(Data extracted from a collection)
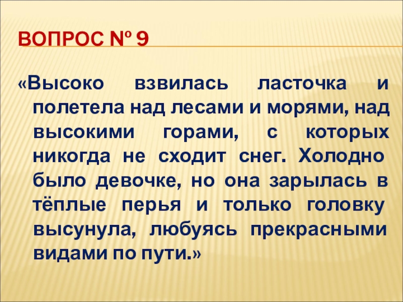 над высокими горами, с которых никогда не сходит снег. Холодно было девочке, но она зарылась в тёплые перья и только головку высунула, любуясь прекрасными видами по пути.»
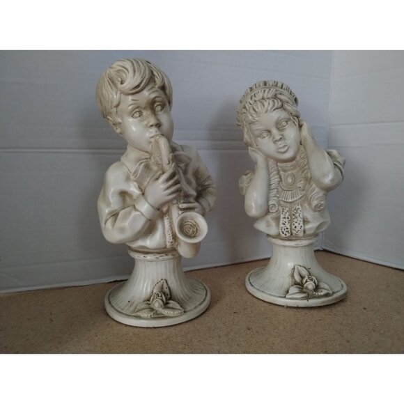 J Kendrick Universal Statuary Corp Chicago Bust Statue Saxophone Boy Girl 1971
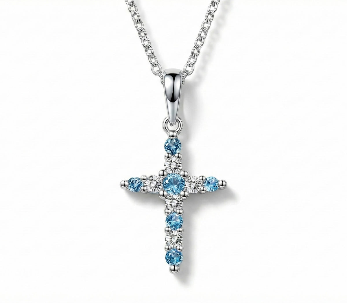 Blue Topaz & CZ Cross Pendant | Sterling Silver | Faith Necklace
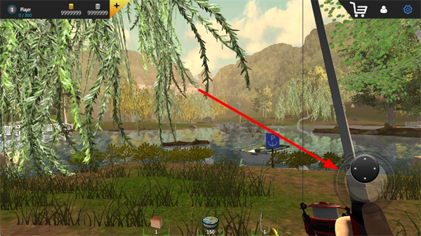 1、操控右侧旋钮调整鱼竿角度,选择合适的水域抛投钓饵,抛投前需观察水域环境,寻找鱼群聚集的区域,提升中鱼概率。
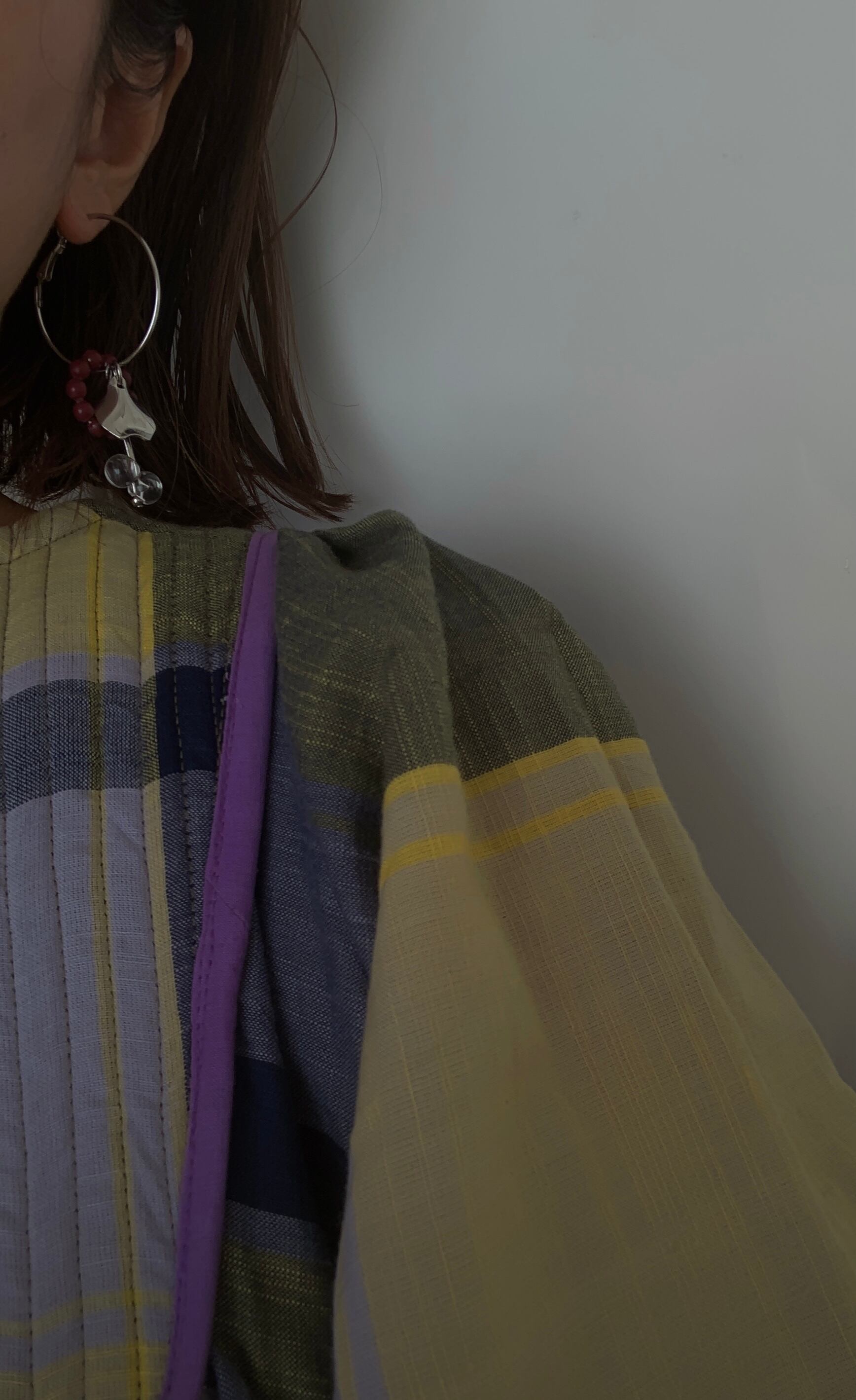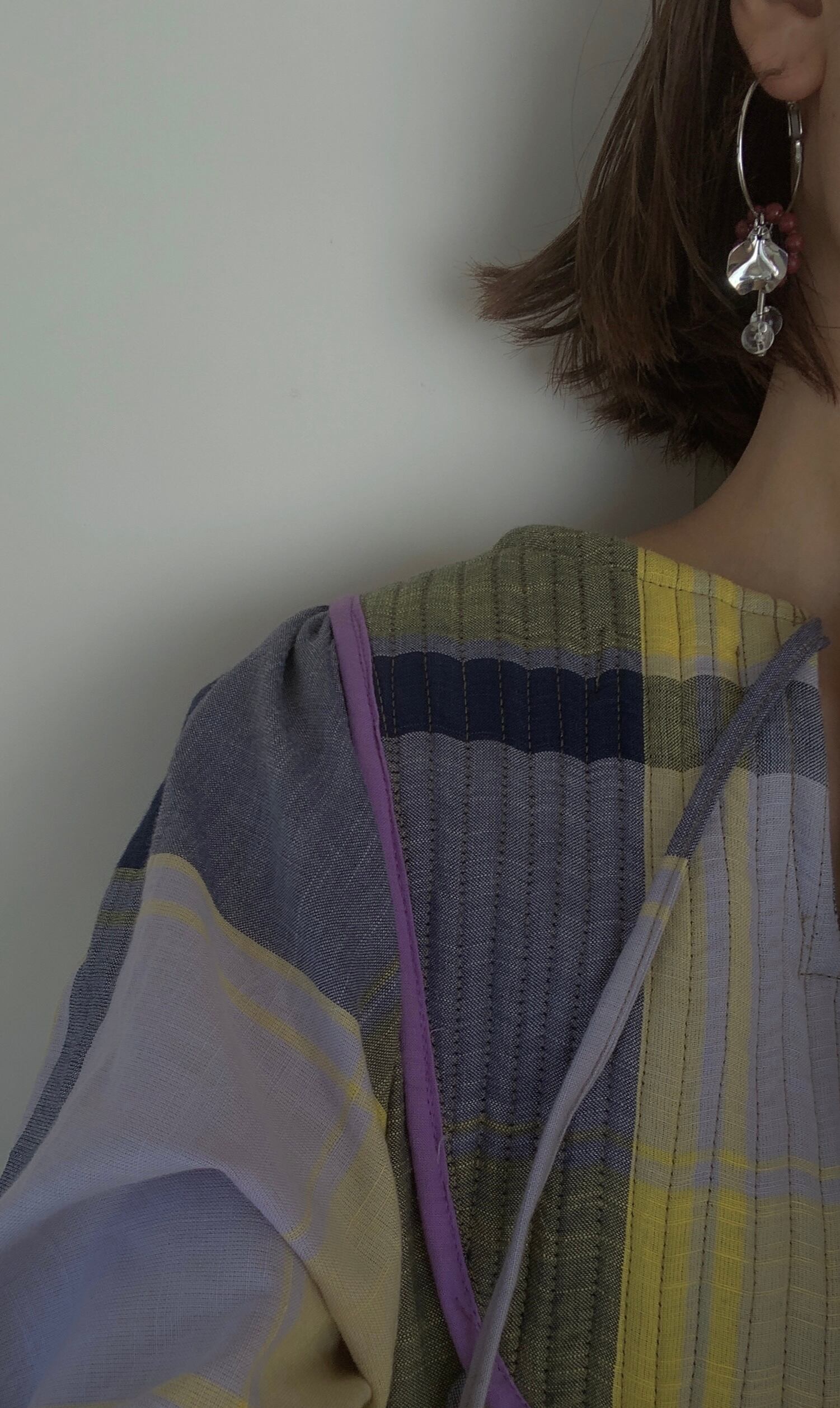 シルバーの真鍮フープに、アシンメトリーデザインで様々なパーツを組み合わせました。

**WHAT NEEDS TO BE DONE**
Take the line containing "Blue Topaz &" and every line after it up to the end of the entries, and quote them exactly. Both ends count; the pictures do not.

**SOLUTION FOR THIS PROBLEM**
 Blue Topaz & CZ Cross Pendant | Sterling Silver | Faith Necklace
 1、操控右侧旋钮调整鱼竿角度,选择合适的水域抛投钓饵,抛投前需观察水域环境,寻找鱼群聚集的区域,提升中鱼概率。
 シルバーの真鍮フープに、アシンメトリーデザインで様々なパーツを組み合わせました。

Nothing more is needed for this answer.